By analyzing existing cross correlation between FAT Brands and Rave Restaurant Group, you can compare the effects of market volatilities on FAT Brands and Rave Restaurant and check how they will diversify away market risk if combined in the same portfolio for a given time horizon. You can also utilize pair trading strategies of matching a long position in FAT Brands with a short position of Rave Restaurant. Check out your portfolio center. Please also check ongoing floating volatility patterns of FAT Brands and Rave Restaurant.

Diversification Opportunities for FAT Brands and Rave Restaurant

0.15
  Correlation Coefficient

Average diversification

The 3 months correlation between FAT and Rave is 0.15. Overlapping area represents the amount of risk that can be diversified away by holding FAT Brands and Rave Restaurant Group in the same portfolio, assuming nothing else is changed. The correlation between historical prices or returns on Rave Restaurant Group and FAT Brands is a relative statistical measure of the degree to which these equity instruments tend to move together. The correlation coefficient measures the extent to which returns on FAT Brands are associated (or correlated) with Rave Restaurant. Values of the correlation coefficient range from -1 to +1, where. The correlation of zero (0) is possible when the price movement of Rave Restaurant Group has no effect on the direction of FAT Brands i.e., FAT Brands and Rave Restaurant go up and down completely randomly.

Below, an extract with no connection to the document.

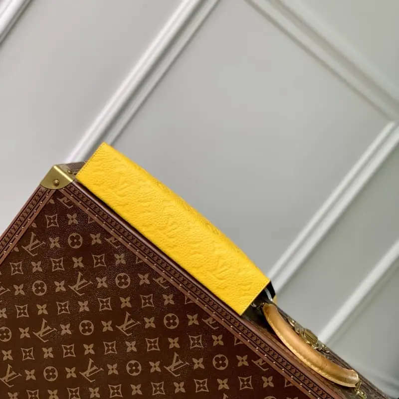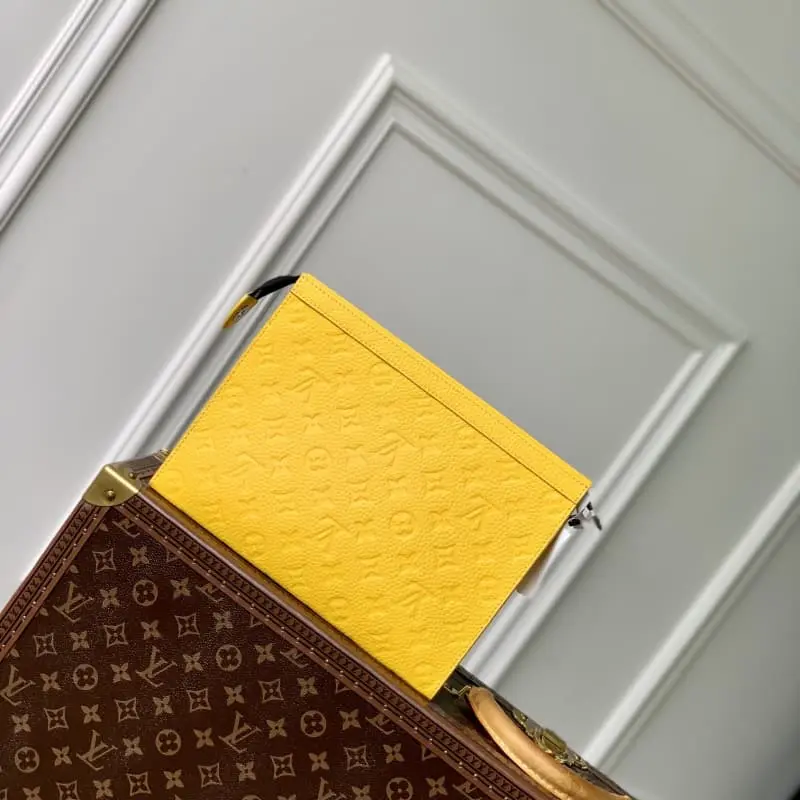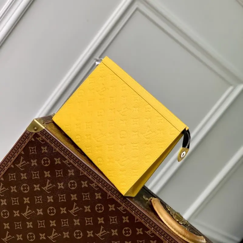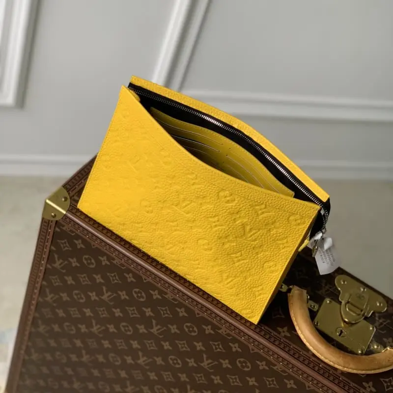 M61692 Embossed yellow! Chip version of the Pochette Voyage clutch This Pochette Voyage clutch is made of Taga lychee leather with LV monogram on one corner and shiny metal parts. The zippered card slot and main compartment can accommodate small items. Detailed features! 27 x 21 x 6 cm, (length x height x width)

Pair Corralation between FAT Brands and Rave Restaurant

Assuming the 90 days horizon FAT Brands is expected to under-perform the Rave Restaurant. But the preferred stock apears to be less risky and, when comparing its historical volatility, FAT Brands is 1.79 times less risky than Rave Restaurant. The preferred stock trades about -0.01 of its potential returns per unit of risk. The Rave Restaurant Group is currently generating about 0.04 of returns per unit of risk over similar time horizon. If you would invest  187.00  in Rave Restaurant Group on October 4, 2024 and sell it today you would earn a total of  71.00  from holding Rave Restaurant Group or generate 37.97% return on investment over 90 days.
Time Period3 Months [change]
DirectionMoves Together 
StrengthInsignificant
Accuracy100.0%
ValuesDaily Returns

FAT Brands  vs.  Rave Restaurant Group

 Performance 
       Timeline  
FAT Brands 

Risk-Adjusted Performance

7 of 100

 
Weak
 
Strong
OK
Compared to the overall equity markets, risk-adjusted returns on investments in FAT Brands are ranked lower than 7 (%) of all global equities and portfolios over the last 90 days. Even with relatively weak fundamental drivers, FAT Brands may actually be approaching a critical reversion point that can send shares even higher in February 2025.
Rave Restaurant Group 

Risk-Adjusted Performance

2 of 100

 
Weak
 
Strong
Insignificant
Compared to the overall equity markets, risk-adjusted returns on investments in Rave Restaurant Group are ranked lower than 2 (%) of all global equities and portfolios over the last 90 days. In spite of rather fragile basic indicators, Rave Restaurant may actually be approaching a critical reversion point that can send shares even higher in February 2025.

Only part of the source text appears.